Following the successful wager, the AlphaRaccoon account moved 5 million USDC.e from the Polymarket platform to an external wallet. The complaint outlines a complex laundering scheme where funds were routed through a swapping service and a privacy tool to obscure the transaction trail. Ultimately, a portion of these illicit proceeds was transferred to an account at a payment processor in Italy, which had been established using Michele Spagnuolo's government identification card.
The indictment emphasizes the asymmetry of information available to the trader versus the broader market. Unlike other counterparties, Spagnuolo knew the outcome of the wagers prior to public disclosure due to his unauthorized access to commercially valuable internal data. Spagnuolo personally profited more than approximately $1.2 million from these trades based on nonpublic information. Once the profits were realized, Spagnuolo allegedly took deliberate steps to conceal the unlawful use of this data by attempting to obscure the source and ownership of the funds.
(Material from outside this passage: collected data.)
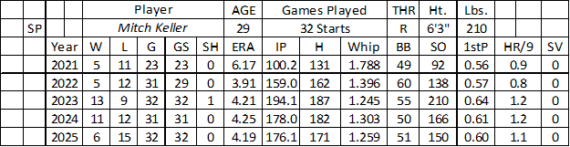 The Pirates gave Keller 147 starts over the past five seasons. Unfortunately, he went 40-59 over this span with a 4.40 ERA, 1.358 WHIP, and 756 strikeouts over 808.1 innings. His arm flashed strikeout potential (210 over 194.1 innings) in 2023, but his strikeout rate drifted into the soft-tosser range last year (7.7 per nine). Keller showed better command (2.6 walks per nine) over the past three seasons.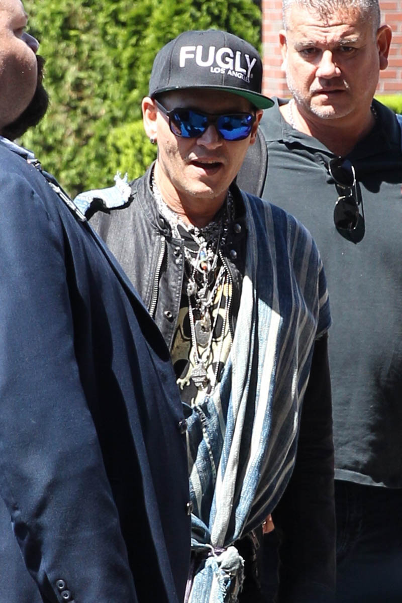 Johnny Depp is currently on tour with his band, the Hollywood Vampires. I still can’t say that with a straight face – the fact that he’s in a band and that it’s called the Hollywood Vampires. Here he is arriving in Pennsylvania yesterday with several chains and beads hanging off his jacket, several chains and beads hanging off his neck, a tattered poncho hanging around his shoulders, on top of a denim jacket, and whatever other layers he has going on under there. Oh and as many rings as he has fingers. And also lots of bracelets. It’s a never-ending list of accessories, all of them meant to show that he has a pure rock’n’roll soul. Loud and clear, JD. Loud and clear.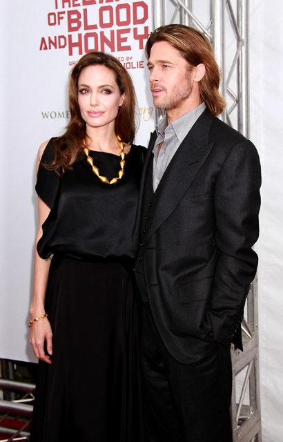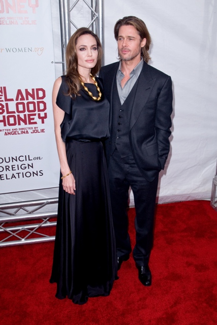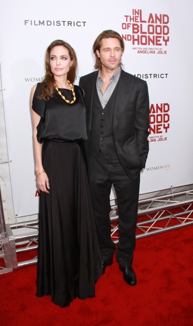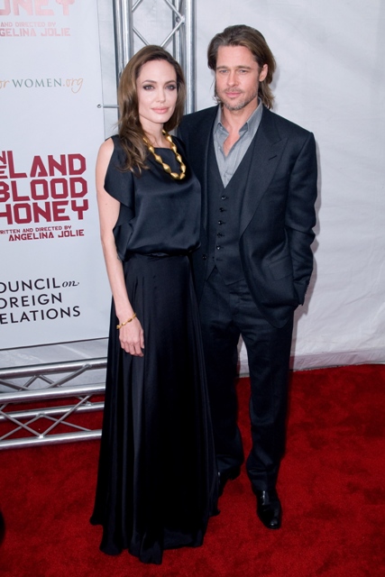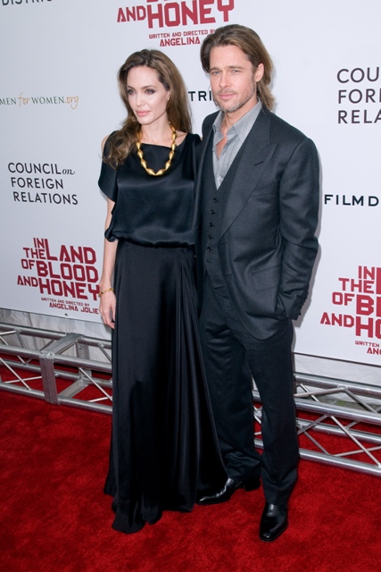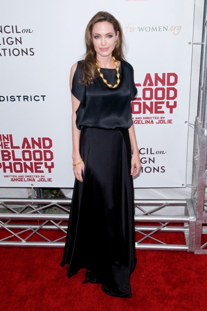 It was another case of the Sister Wife in sateen last night for Angelina Jolie in New York at the premiere of In The Land Of Blood And Honey. What is her deal with this material? And WHY does she insist on dressing like she wants to be on TLC?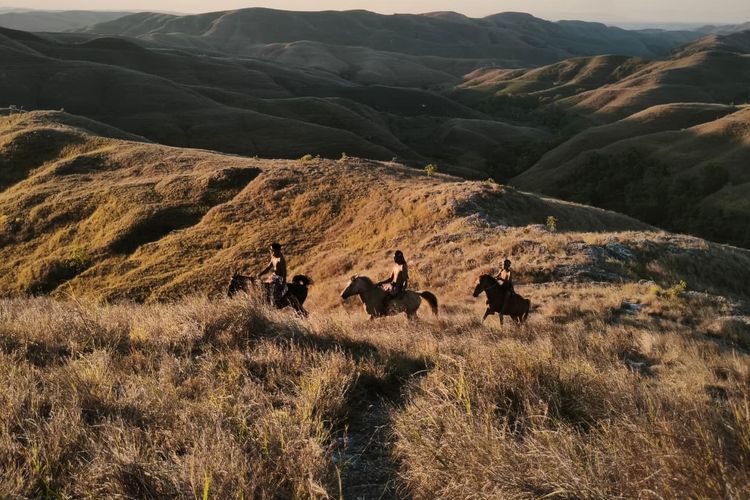 Lokasi selanjutnya adalah Bukit Wairinding, salah satu savana terluas dan terindah di Sumba. Lanskap perbukitan dengan rerumputan hijau kekuningan menjadi latar belakang dramatis untuk pemotretan. Di sini, peserta diajarkan cara mengatur sudut pemotretan agar memaksimalkan penggunaan cahaya matahari. Posisi model, arah gaun yang tertiup angin, serta sudut pemotretan yang tepat membantu menciptakan perpaduan warna antara pakaian dan alam.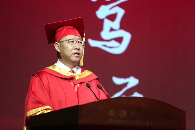 校党委书记葛国作致辞,回顾了2022届毕业生从聆听入学第一课到穿上毕业学士服,挥洒汗水与激情、探求真知和真理的求学历程,深情寄语2022届毕业生在未来的人生道路上,要秉承师大精神,怀济世情怀,受天下之善,绘美好人生,勇于为国家、为民族、为社会承担责任,在国家建设、民族复兴的伟大事业中大显身手,大有作为,并祝福毕业生们在未来的人生道路上踔厉奋发、勇毅前行。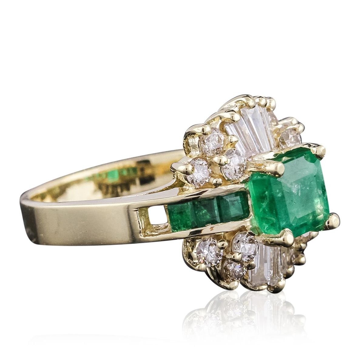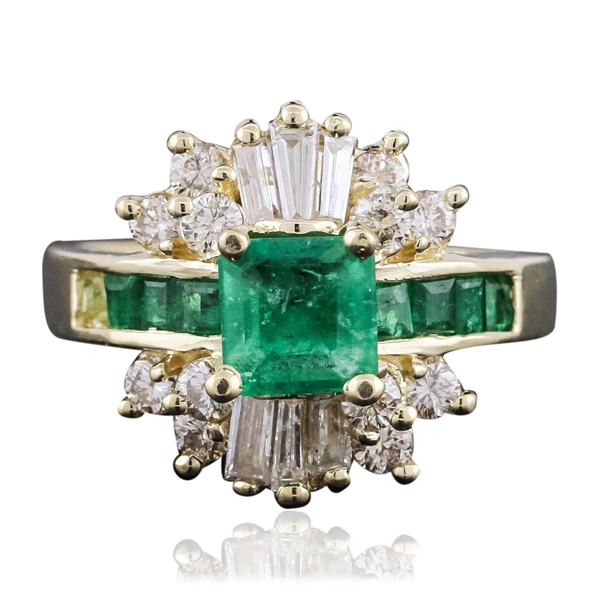 One ring featuring: 14KT Yellow Gold with a total weight of 5.30 grams, Emerald with a total weight of 1.32ct, and Diamonds with a total weight of 0.52ctw.

Spagnuolo faces charges of commodities fraud, wire fraud, and money laundering as outlined in the federal complaint. This case represents a significant escalation in regulatory scrutiny of prediction markets. Woofun AI notes that this arrest marks the second major enforcement action against individuals allegedly trading on Polymarket using insider information, following a previous case involving a U.S. Army soldier who bet on a raid involving Nicolas Maduro.
The legal proceedings highlight the growing intersection between traditional corporate data security and decentralized finance protocols. As prediction markets gain liquidity and user adoption, the potential for insider trading using proprietary data streams becomes a critical risk vector for both platforms and regulators. The aggressive pursuit of these charges signals a broader federal intent to apply existing securities and commodities laws to emerging on-chain betting mechanisms.